Minimum average partial correlation and parallel analysis: The influence of oblique structures

P.-O. Caron
DOI: https://doi.org/10.1080/03610918.2018.1433843
2018-02-12
Abstract:Parallel analysis (Horn 1965) and the minimum average partial correlation (MAP; Velicer 1976) have been widely spread as optimal solutions to identify the correct number of axes in principal component analysis. Previous results showed, however, that they become inefficient when variables belonging to different components strongly correlate. Simulations are used to assess their power to detect the dimensionality of data sets with oblique structures. Overall, MAP had the best performances as it was more powerful and accurate than PA when the component structure was modestly oblique. However, both stopping rules performed poorly in the presence of highly oblique factors.
What problem does this paper attempt to address?

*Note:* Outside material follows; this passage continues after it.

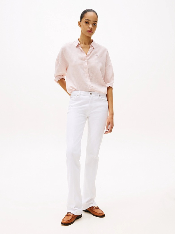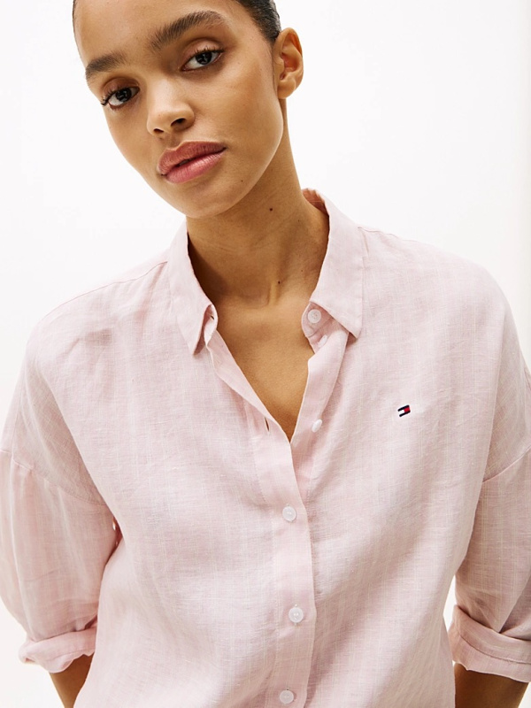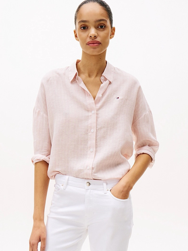 Ženska svijetloroza Tommy Hilfiger košulja sa prugama i logom na prsima

The problem that this paper attempts to solve is to evaluate the ability of the minimum average partial correlation (MAP) and parallel analysis (PA) methods to identify the correct number of components in principal component analysis (PCA) when the data set contains an oblique structure (i.e., there is correlation between factors). Although these two methods are widely regarded as the best solutions for determining the correct number of components in PCA, their performance in dealing with data sets with an oblique structure has not been fully studied. Through Monte Carlo simulation experiments, the paper systematically evaluates the performance of MAP and PA under different sample sizes, different component saturations, and different degrees of obliqueness, in order to verify the reliability and accuracy of these methods in practical applications. Specifically, the paper focuses on the following aspects: 1. **The influence of the oblique structure**: Research how the performance of MAP and PA changes when the factors in the data set are not completely orthogonal but oblique. 2. **The influence of the sample size**: Explore the influence of different sample sizes on the ability of these two methods to identify the correct number of components. 3. **The influence of the component saturation**: Analyze the influence of the saturation of components (i.e., the number of variables and loading values in each component) on the performance of MAP and PA. 4. **The comparison of methods**: Compare the performance of MAP and PA under different conditions, especially their performance differences in data sets with an oblique structure. Through these studies, the paper aims to provide more accurate guidance for researchers to select appropriate stopping rules when dealing with data sets with an oblique structure, thereby avoiding missing meaningful components or wrongly retaining meaningless components.